This got me thinking about Trinis, and the things we do that make us easier to spot than a thug on ID parade. I’ve lived in Trinidad, England, and Canada, and visited the US, and no matter where I go, I’ve found a few things that are forever consistent. Let’s start with the obvious.

1. Sing-song speech

I went to a West Indian play once, in London, and the granny in the show said the best singers in the Caribbean were from Trinidad and Tobago. All the Trinis in the house started to clap and ‘guff up’ their chest. Then she started to talk-sing. Talk about chain up. It’s true though. We sing everything we say. In England, they call it a lilt. We sound soooo happy. That’s why they love to hear us talk, so that we can make the dull weather seem a little brighter.

2. Rum til’ I die

I don’t care what anyone says, “Rum til’ I Die” is the national anthem of Trinidad and Tobago. Yuh woman leave yuh? Rum til’ I die. Yuh next woman horn yuh? “Rum is meh lover”. Financially ruined? Rum go save yuh. Every year, there’s a new song about rum, and if you walk into any bar, anywhere in the world, and hear someone order a “rum and cokes”, you could bet yuh bottom dollar is a Trini. Oh, and they playin’ all fours too, when they drinkin’.

Trinis are also the only people I know who sing about rum, as if alcoholism is no biggie. I pulled up a video of Ravi B singing “Rum is meh lover”, and he said rum kill his mother, his father, his brother, his sister, and his whole family, but he doh care, “he drinking today and forever”. Anyone watching us would think we’re all a pack of drunkards. And even though Uncle Johnnie is a serious competitor, he just doesn’t have the same sort of hold on us. We know he’s expensive, but rum? Raising the price of rum is like raising the price of flour, sugar, milk and salt. It’s a vital supply.

3. Soup must have dumplings

Soup is not soup unless it has dumplings. Trinis get mad when you give them soup and they can only count three dumplings in the bowl. Worse yet, if there are no dumplings at all. Give a Trini soup without dumplings, and they will tell you you tiefin’ dem, you robbin’ people, and you can’t cook. I’ve seen a few Trinis ‘get on bad’ in a posh restaurant when they didn’t get their dumplings. Giving a Trini soup sans dumplings is like giving them curry crab with no curry or crab.

4. Have shares in KFC

Trinis are the only people I know who can eat a greasy “box of dead” at 4 a.m. after a fete. Coincidentally, this is probably the fastest you will ever see a Trini move because we want to beat the people from the other 20 cars that pulled up at the same time.
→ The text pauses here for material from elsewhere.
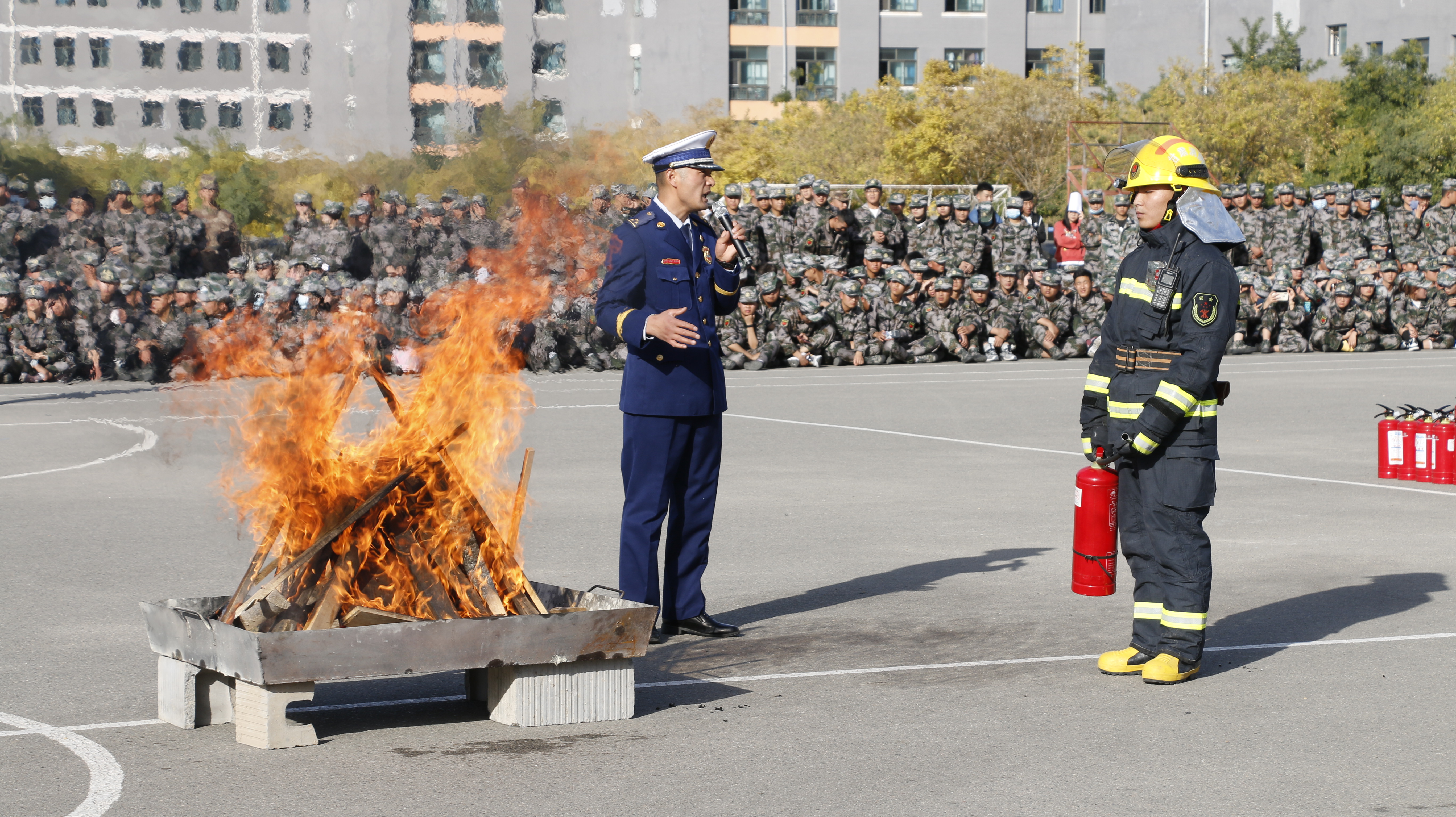 隨后,2020級全體新生整隊到操場參加了滅火演練。在消防救援中隊指戰(zhàn)員的講解和示范下,同學們學習了應急逃生、火災報警和滅火器使用等消防安全常識,學生代表體驗了處置液化氣瓶滅火、油鍋滅火、干粉滅火器滅火等操作,在實戰(zhàn)中提高了消防應急能力。

Besides, KFC Independence Square, the only other internationally acclaimed KFC outlet is the one in Piarco Airport. I am sure the ground crew could smell the plane when it lands in JFK or London Heathrow, because half the passengers coming off the plane with their luggage in one hand and a two-piece special in the other, with a five-piece in their bag for a friend or family member. They’ll also proudly tell you we have the best KFC “in de world”.

5. Hate to line up

Ask Trinis the formula for a straight line, and they’ll tell you ‘y’ equals A over here, B over there, and me getting served first. Trinis hate lining up, and whenever people are trying to make a genuine attempt at being orderly, someone has to step out of the line or just go straight to the front and start to quarrel, “Wham alyuh eh see me here. I eh getting served. STEUPS.” To avoid a scene, the clerk then serves the baddis, and everyone else mutters, secretly wishing they had the gall to behave just as badly and avoid the line. However, when they go abroad, Trinis line up… normal, normal.

6. Put ketchup and mustard on everything

After being away for a number of years, my tastes have become a little more refined. So personally I prefer mayo in the mix. On a serious note though, it’s quite funny to see the horror and disgust some people exhibit when they hear you want to put ketchup on pizza, especially Italians. I guess I’d have the same reaction if I heard someone asking for pesto to put on their Hott Shoppe roti.

7. Laidback

Outsiders don’t seem to understand the concept that we Trinis can have an internal sense of urgency without any external manifestation. This has given rise to comments such as, “You’re so laidback you’re horizontal!” I’m sure a lot of you can relate, when I say I resent that statement, because it’s not our fault we had to master the art of walking fast and looking cool at the same time when rushing from school to meet friends up Fredrick Street, the Dial, or Library Corner (that’s South for alyuh who doh know beyond the lighthouse). Besides, it’s this ‘laidbackness’ that keeps our stress levels lower than low.

8. Can’t tell time

While, we’re on the topic of laidback, it’d be remiss of me to not mention our tendency to be late. Trini time always means 15 minutes, 30 minutes or even an hour after the time we agreed to. “Yeah I right round d corner” often means you’re now leaving your house, and don’t talk about when they promise to call you later. Later could mean tonight, tomorrow, or next week. Girls abroad get vex with Trini men for that. A Trini girl, however, would easier forgive you when you say, “but babes, yuh know later is Trini for I will call you some time”.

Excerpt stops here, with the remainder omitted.